**** Input for this task ****

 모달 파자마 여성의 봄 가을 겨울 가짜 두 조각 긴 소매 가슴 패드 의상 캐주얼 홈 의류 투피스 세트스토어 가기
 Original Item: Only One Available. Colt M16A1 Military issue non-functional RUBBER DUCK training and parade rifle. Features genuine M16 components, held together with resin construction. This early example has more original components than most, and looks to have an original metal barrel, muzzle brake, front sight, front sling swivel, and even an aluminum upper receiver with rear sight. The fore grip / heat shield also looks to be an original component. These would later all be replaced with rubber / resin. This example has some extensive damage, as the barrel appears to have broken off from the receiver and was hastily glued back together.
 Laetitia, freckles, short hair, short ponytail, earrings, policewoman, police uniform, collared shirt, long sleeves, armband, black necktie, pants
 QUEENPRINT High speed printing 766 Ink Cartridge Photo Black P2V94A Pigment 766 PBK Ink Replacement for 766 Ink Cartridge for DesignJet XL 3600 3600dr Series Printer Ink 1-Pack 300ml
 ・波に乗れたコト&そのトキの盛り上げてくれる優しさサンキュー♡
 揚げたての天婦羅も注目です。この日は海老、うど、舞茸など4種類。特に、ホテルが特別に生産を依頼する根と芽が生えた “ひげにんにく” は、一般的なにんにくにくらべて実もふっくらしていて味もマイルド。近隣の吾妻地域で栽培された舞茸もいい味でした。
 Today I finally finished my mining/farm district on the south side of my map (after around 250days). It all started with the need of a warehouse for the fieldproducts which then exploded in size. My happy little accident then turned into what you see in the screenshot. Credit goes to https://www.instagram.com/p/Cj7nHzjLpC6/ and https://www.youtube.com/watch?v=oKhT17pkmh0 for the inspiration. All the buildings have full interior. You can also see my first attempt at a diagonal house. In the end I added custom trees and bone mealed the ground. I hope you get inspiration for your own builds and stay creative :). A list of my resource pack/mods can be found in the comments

****

[Work order]
Your task is to retype all of the records exactly.

[Response to this task]
 모달 파자마 여성의 봄 가을 겨울 가짜 두 조각 긴 소매 가슴 패드 의상 캐주얼 홈 의류 투피스 세트스토어 가기
 Original Item: Only One Available. Colt M16A1 Military issue non-functional RUBBER DUCK training and parade rifle. Features genuine M16 components, held together with resin construction. This early example has more original components than most, and looks to have an original metal barrel, muzzle brake, front sight, front sling swivel, and even an aluminum upper receiver with rear sight. The fore grip / heat shield also looks to be an original component. These would later all be replaced with rubber / resin. This example has some extensive damage, as the barrel appears to have broken off from the receiver and was hastily glued back together.
 Laetitia, freckles, short hair, short ponytail, earrings, policewoman, police uniform, collared shirt, long sleeves, armband, black necktie, pants
 QUEENPRINT High speed printing 766 Ink Cartridge Photo Black P2V94A Pigment 766 PBK Ink Replacement for 766 Ink Cartridge for DesignJet XL 3600 3600dr Series Printer Ink 1-Pack 300ml
 ・波に乗れたコト&そのトキの盛り上げてくれる優しさサンキュー♡
 揚げたての天婦羅も注目です。この日は海老、うど、舞茸など4種類。特に、ホテルが特別に生産を依頼する根と芽が生えた “ひげにんにく” は、一般的なにんにくにくらべて実もふっくらしていて味もマイルド。近隣の吾妻地域で栽培された舞茸もいい味でした。
 Today I finally finished my mining/farm district on the south side of my map (after around 250days). It all started with the need of a warehouse for the fieldproducts which then exploded in size. My happy little accident then turned into what you see in the screenshot. Credit goes to https://www.instagram.com/p/Cj7nHzjLpC6/ and https://www.youtube.com/watch?v=oKhT17pkmh0 for the inspiration. All the buildings have full interior. You can also see my first attempt at a diagonal house. In the end I added custom trees and bone mealed the ground. I hope you get inspiration for your own builds and stay creative :). A list of my resource pack/mods can be found in the comments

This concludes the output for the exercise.